• Aim of the task: Quote the entries in full, character for character, without their images.

• Records provided:
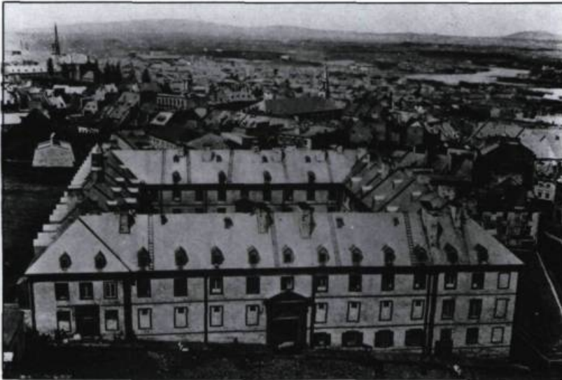
Le Collège des Jésuites fut fondé en 1635. Démoli en 1878, il occupait le site de l'Hôtel de Ville actuel. J.-E. Livernois, s.d. (Archives de la ville de Québec).

les traditions culturelles d'origine ne pouvaient être que profondément transformées.
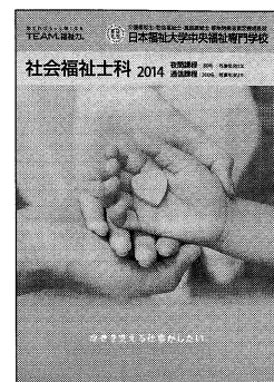
社会福祉士科パンフレット

学生募集要項配布中! [資料請求先: 日本福祉大学中央福祉専門学校] TEL 052(339)0200 http://www.n-fukushi.ac.jp/chuo/ *ホームページからも資料請求ができます。
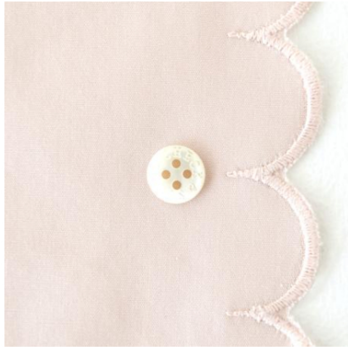
グレイッシュピンク
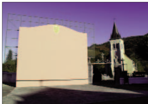
Barkoxeko arrabotea eta eliza.

Bide txiki horretara heltzean ezker aldera hartuko dugu. Eskuin aldera hartu bagenu, paradisura iritsiko ginatkeen alta... edo, zehatzago esanda, Paradis izeneko etxera. Paradis(uar)i bizkarra emanda beraz, Maidalenako etxauetara eta hemendik Atharratzera ere darman bidearekin topo egingo dugu. Hementxe ezkererantz joko dugu; eskuin aldera joanda topatuko genituzke Maltako baseliza eta Txapela auzoko eskola ohia. Nahiz eta ibilgailuentzako bidea izan, goxo izango zaigu honetan ibiltzea, hainbat laborari etxeri agur eginda. Montorirako bidearen sardan, zuzen jarraituko dugu Bürgia izeneko auzora heltzeko gisan. Mauletik datorren bidearekin topo egin eta laster, Euskal Herri orotan eta askoz urrunago ere ospetsua den Xilo ostatu-jatetxearen aitzinean pasatuko gara. Diru apurtxo bat kostako bazaigu
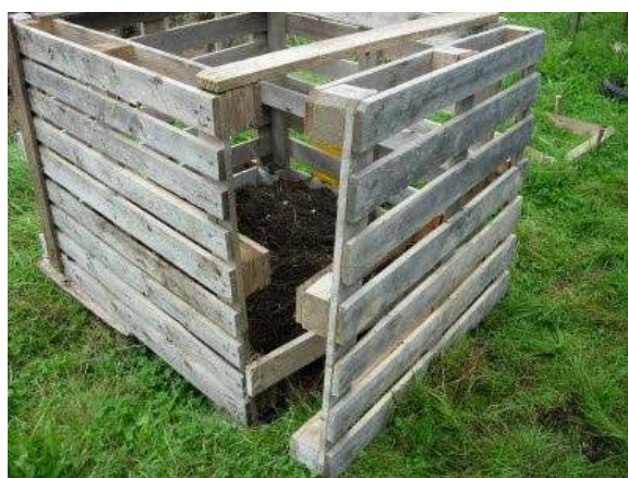
Composthoop gemaakt van pallets

Bladaarde is eigenlijk ook heel simpel te maken. Verzamel in de herfst goed verteerbare bladeren van bijvoorbeeld berken of eiken en maak er berg van in een hoek van je tuin. Dek af met gaas, of zet er gaas omheen, zodat het blad niet wegwaait. Al vrij snel zal de hoop vol regenwormen en andere diertjes en schimmels zitten, die de bladeren in minder dan een jaar tijd afbreken tot rulle, vruchtbare aarde. Ideaal als mulch om de bodem mee te bedekken en je planten mee te voeden.
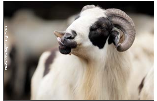
Un bélier de la race améliorée Djalonné au centre de production de Kolokopé

'Ce bélier m'avait séduit à première vue. Son vendeur m'avait dit qu'il me ferait beaucoup de petits et je l'ai même surnommé +Zodédé+, c'est-à-dire 'puissance'. Mais je me rends compte que je me suis trompé à son sujet. Franchement je suis déçu par ses performances. Il ne m'arrange pas du tout', se plaint Yao. D'après lui, il arrive que +Zodédé+ fasse preuve
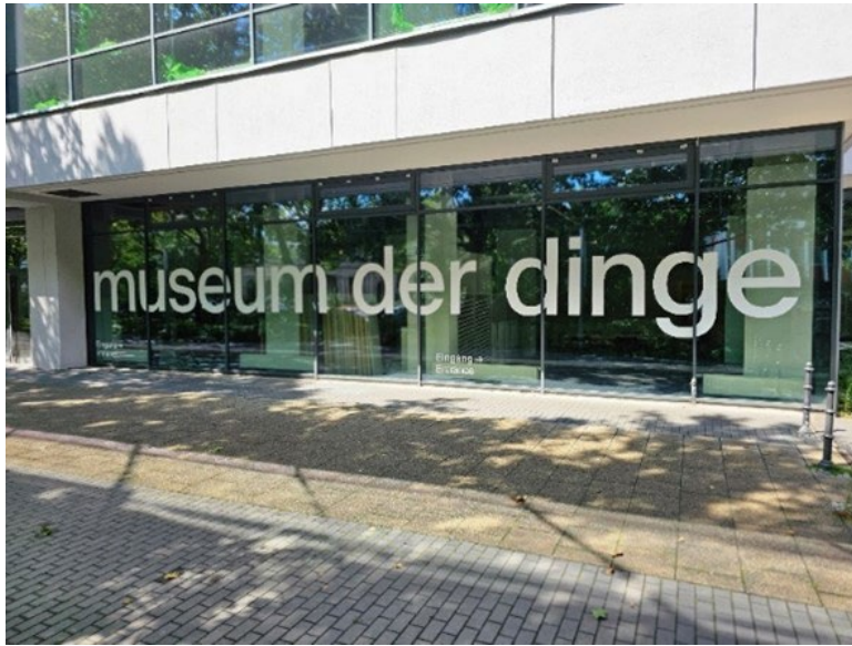
Abb. 1: Werkbundarchiv – Museum der Dinge

roten Faden der Präsentation erarbeitet hat, wird dann aber die Botschaft immer klarer.
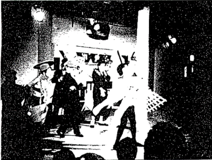
1983 reconstruction of Good Treatment for Horses.
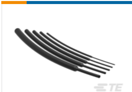
TE 产品编号5052842031 RNF-100-0 热缩管
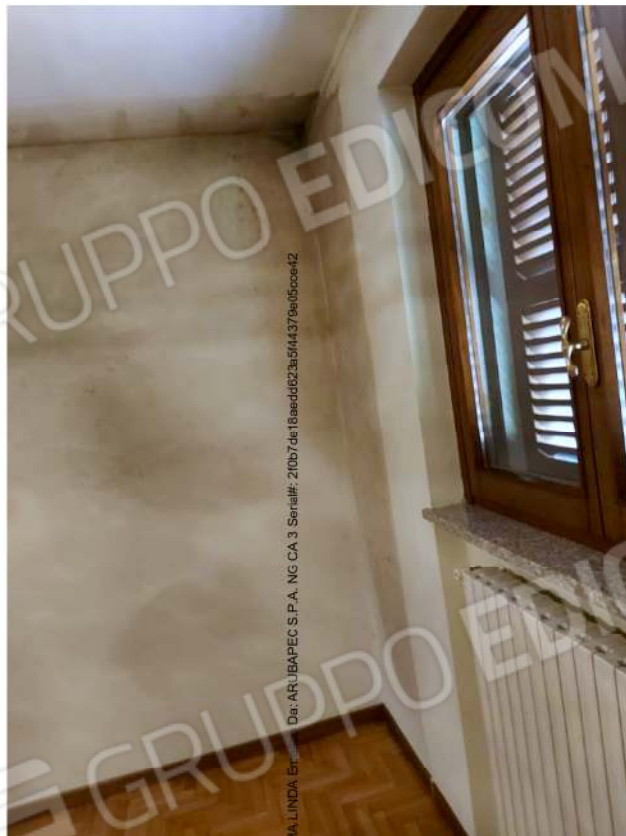
Camera visibili le tracce di ponte termico e infiltrazioni
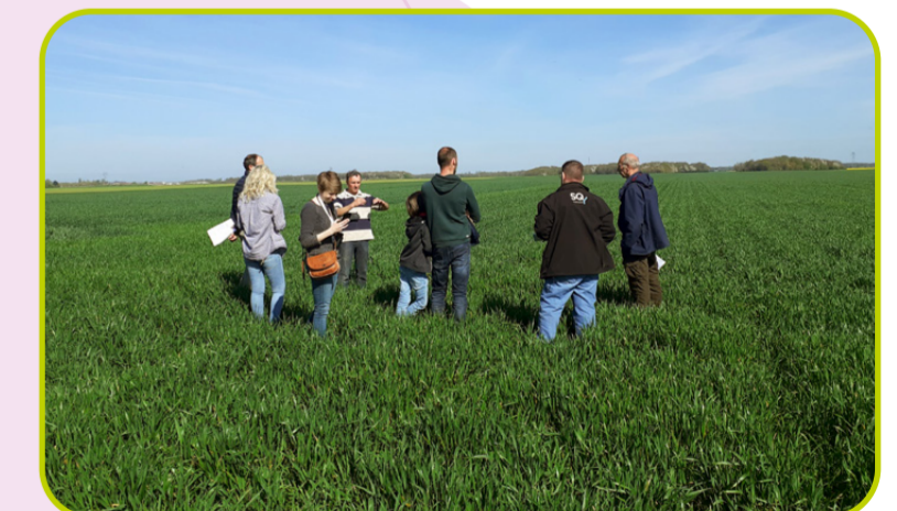
tour de plaine à Dreux

• Solution for this exercise:
Le Collège des Jésuites fut fondé en 1635. Démoli en 1878, il occupait le site de l'Hôtel de Ville actuel. J.-E. Livernois, s.d. (Archives de la ville de Québec).

les traditions culturelles d'origine ne pouvaient être que profondément transformées.
社会福祉士科パンフレット

学生募集要項配布中! [資料請求先: 日本福祉大学中央福祉専門学校] TEL 052(339)0200 http://www.n-fukushi.ac.jp/chuo/ *ホームページからも資料請求ができます。
グレイッシュピンク
Barkoxeko arrabotea eta eliza.

Bide txiki horretara heltzean ezker aldera hartuko dugu. Eskuin aldera hartu bagenu, paradisura iritsiko ginatkeen alta... edo, zehatzago esanda, Paradis izeneko etxera. Paradis(uar)i bizkarra emanda beraz, Maidalenako etxauetara eta hemendik Atharratzera ere darman bidearekin topo egingo dugu. Hementxe ezkererantz joko dugu; eskuin aldera joanda topatuko genituzke Maltako baseliza eta Txapela auzoko eskola ohia. Nahiz eta ibilgailuentzako bidea izan, goxo izango zaigu honetan ibiltzea, hainbat laborari etxeri agur eginda. Montorirako bidearen sardan, zuzen jarraituko dugu Bürgia izeneko auzora heltzeko gisan. Mauletik datorren bidearekin topo egin eta laster, Euskal Herri orotan eta askoz urrunago ere ospetsua den Xilo ostatu-jatetxearen aitzinean pasatuko gara. Diru apurtxo bat kostako bazaigu
Composthoop gemaakt van pallets

Bladaarde is eigenlijk ook heel simpel te maken. Verzamel in de herfst goed verteerbare bladeren van bijvoorbeeld berken of eiken en maak er berg van in een hoek van je tuin. Dek af met gaas, of zet er gaas omheen, zodat het blad niet wegwaait. Al vrij snel zal de hoop vol regenwormen en andere diertjes en schimmels zitten, die de bladeren in minder dan een jaar tijd afbreken tot rulle, vruchtbare aarde. Ideaal als mulch om de bodem mee te bedekken en je planten mee te voeden.
Un bélier de la race améliorée Djalonné au centre de production de Kolokopé

'Ce bélier m'avait séduit à première vue. Son vendeur m'avait dit qu'il me ferait beaucoup de petits et je l'ai même surnommé +Zodédé+, c'est-à-dire 'puissance'. Mais je me rends compte que je me suis trompé à son sujet. Franchement je suis déçu par ses performances. Il ne m'arrange pas du tout', se plaint Yao. D'après lui, il arrive que +Zodédé+ fasse preuve
Abb. 1: Werkbundarchiv – Museum der Dinge

roten Faden der Präsentation erarbeitet hat, wird dann aber die Botschaft immer klarer.
1983 reconstruction of Good Treatment for Horses.
TE 产品编号5052842031 RNF-100-0 热缩管
Camera visibili le tracce di ponte termico e infiltrazioni
tour de plaine à Dreux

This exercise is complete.